I think its more accurate to say that its easier to write "slow" code in python, because it's often hard to see why some things are slow. To write code that *is* as fast as C does require a bit of understanding on how C actually works, but in most cases you can write code that is more than fast enough using the techniques shown here. In this lecture we will try to

* Highlight some of the places where python code is often slow and demonstrate ways to speed it up
* Demonstrate tools to "profile" python code, specifically to identify the functions, and lines, where the code is slowest

As a supplement to this, there are occasionally cases where python doesn't cut it in terms of speed. With the availability of numpy, *such cases are rare*. In such instances you can turn to "Cython" which is basically a hybrid of python and C/C++. We will cover Cython at the end of this course. Note that large parts of scipy are actually written in Cython, and while it is still nowhere near as well used as Python itself, it is increasing in popularity. 

## Before we start

Before we start we will need to use a couple of utilities to demonstrate some of the profiling techniques. The cell below demonstrates how to do this in sciserver or Google Colab. **If using Sciserver (or Google colab) just run the cell below**.

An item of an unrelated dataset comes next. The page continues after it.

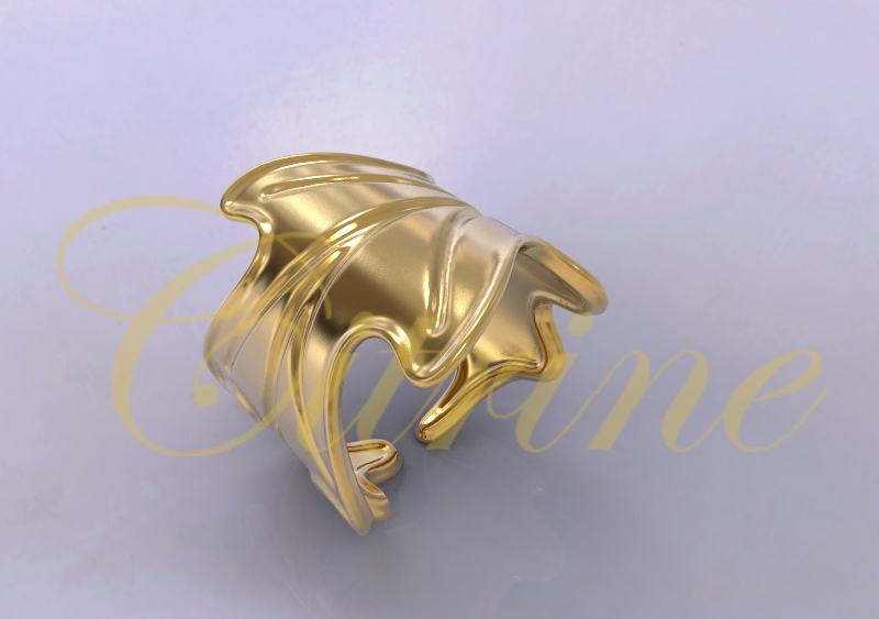 Explore bold artistry with this sculptural folded ring, designed to wrap your finger in fluid golden contours. Inspired by modern abstract forms, this piece showcases smooth, polished surfaces with dynamic folds and curves, embodying the elegance of wearable art. Perfect for making a statement, whether worn alone or paired with minimalist pieces for contrast.

**If not using sciserver or colab**: This might not be the right way to install these utilities. If you are using Anaconda (or Minconda or any other conda installed python) you will probably want to use the `conda` command shown below and commented out *instead*. This is normally run in a terminal window. I can try to help you install these on your own machine, but I do not know your particular setup, and do not use Windows. 

In [None]:
import sys
!{sys.executable} -m pip install line_profiler
!{sys.executable} -m pip install memory_profiler

# conda install line_profiler
# conda install memory_profiler

Looking in indexes: https://pypi.org/simple, https://us-python.pkg.dev/colab-wheels/public/simple/
Collecting line_profiler
  Downloading line_profiler-4.0.3-cp39-cp39-manylinux_2_17_x86_64.manylinux2014_x86_64.whl (662 kB)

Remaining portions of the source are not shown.